V-Chat is an AI-powered conversational agent developed for integration into a sustainability-focused web platform. The chatbot is designed to support user interaction within the agriculture and environmental sustainability domain. It is built to provide contextual assistance, information retrieval, and guidance for platform users.
This project uses LangChain, Pinecone, and Gemini 2.0 Flash to deliver relevant answers based only on the platform's verified data.
The chatbot:
- Takes a user's question.
- Searches the vector database (Pinecone) for relevant information from the
villam_hub_knowledge_base.mddocument. - Uses AI model (Google's Gemini 2.0 Flash) to understand the question and the retrieved information.

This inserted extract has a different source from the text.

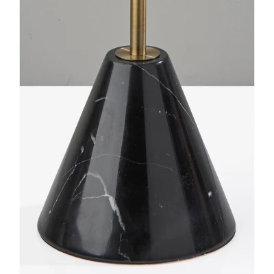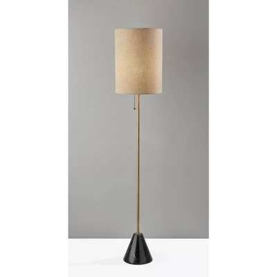 Featuring a rich blend of materials, the Tucker floor lamp adds refinement to any room. A tapered cylindrical black marble base is an elegant accent to the simple silhouette of the lamp and supports a long tube with antique brass finish. Topping the lamp is a beige woven fabric drum shade that softly diffuses the light from a 100W bulb. Complete your decor with the coordinating Tucker table lamp.

- Generates a concise and helpful answer.
GitHub repository: https://github.com/DataxEnv/v-chat-sustainability-chatbot
- AI-Powered Responses: uses Google's Gemini 2.0 Flash model for intelligent answers.
- Context-Aware: Retrieves relevant information from
villam_hub_knowledge_base.mdusing Pinecone vector search. - Conversational Memory: Remembers previous parts of the conversation to provide more relevant follow-up answers.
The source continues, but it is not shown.